* Activity
Shown below is a listing with pictures; reproduce exactly, and only, the lines between the ones containing "Home >  Prom Dresses >  Perfect" and "工業(yè)清洗企業(yè)資質(zhì)證書(shū)", inclusive, leaving the pictures out.

* Data listing

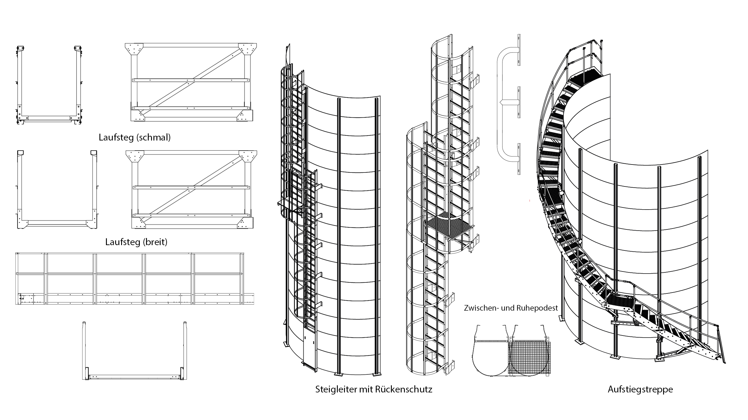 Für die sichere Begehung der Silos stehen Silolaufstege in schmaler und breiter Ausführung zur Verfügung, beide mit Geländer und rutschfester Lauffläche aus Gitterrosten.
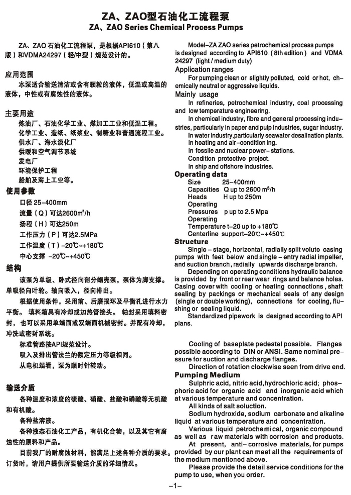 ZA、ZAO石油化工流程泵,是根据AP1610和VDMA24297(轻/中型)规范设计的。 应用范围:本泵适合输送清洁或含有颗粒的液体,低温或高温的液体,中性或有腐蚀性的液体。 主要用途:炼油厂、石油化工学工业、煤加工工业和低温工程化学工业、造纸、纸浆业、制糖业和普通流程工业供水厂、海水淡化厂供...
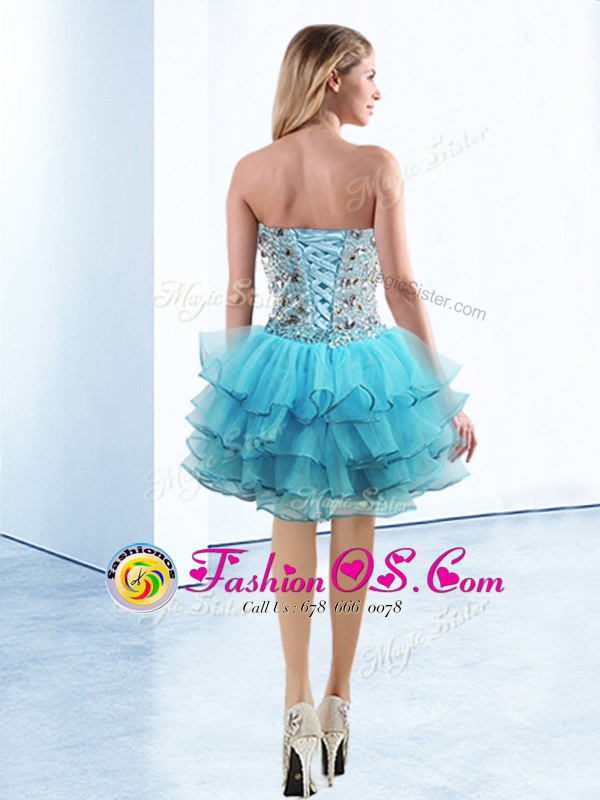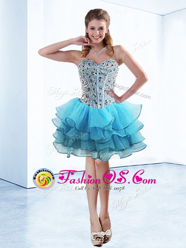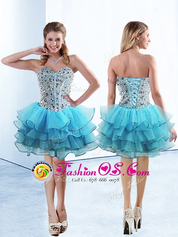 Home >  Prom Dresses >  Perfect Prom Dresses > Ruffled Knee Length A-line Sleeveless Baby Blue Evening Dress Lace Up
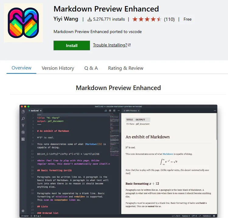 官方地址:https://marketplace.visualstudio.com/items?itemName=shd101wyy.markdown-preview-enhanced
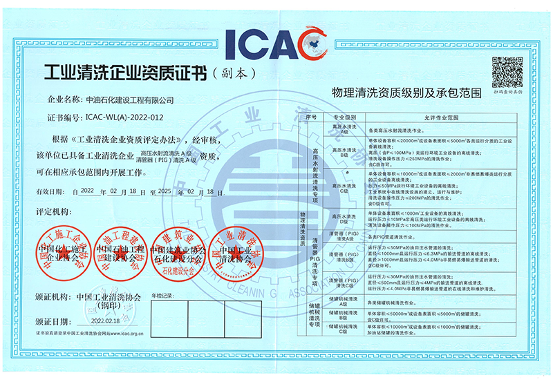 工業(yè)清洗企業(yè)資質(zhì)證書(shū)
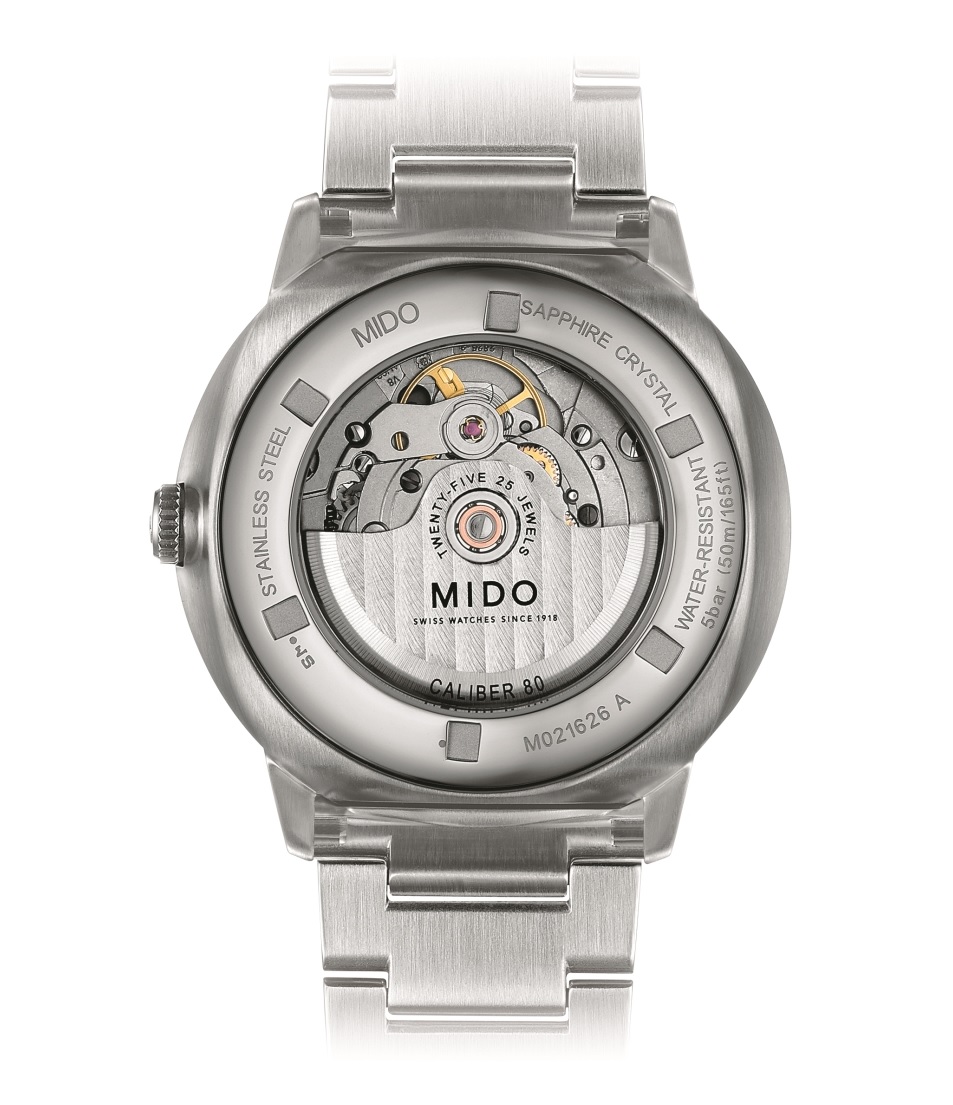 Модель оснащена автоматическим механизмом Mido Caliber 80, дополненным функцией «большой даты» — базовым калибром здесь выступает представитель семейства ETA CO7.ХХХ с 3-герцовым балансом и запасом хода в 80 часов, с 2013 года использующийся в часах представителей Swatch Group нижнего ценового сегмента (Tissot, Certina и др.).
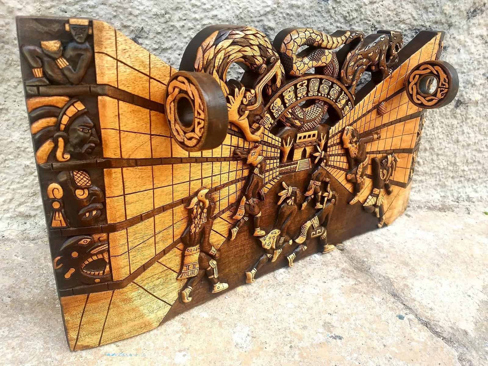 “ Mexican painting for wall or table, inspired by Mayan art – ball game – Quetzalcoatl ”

* Written reply
 Home >  Prom Dresses >  Perfect Prom Dresses > Ruffled Knee Length A-line Sleeveless Baby Blue Evening Dress Lace Up
 官方地址:https://marketplace.visualstudio.com/items?itemName=shd101wyy.markdown-preview-enhanced
 工業(yè)清洗企業(yè)資質(zhì)證書(shū)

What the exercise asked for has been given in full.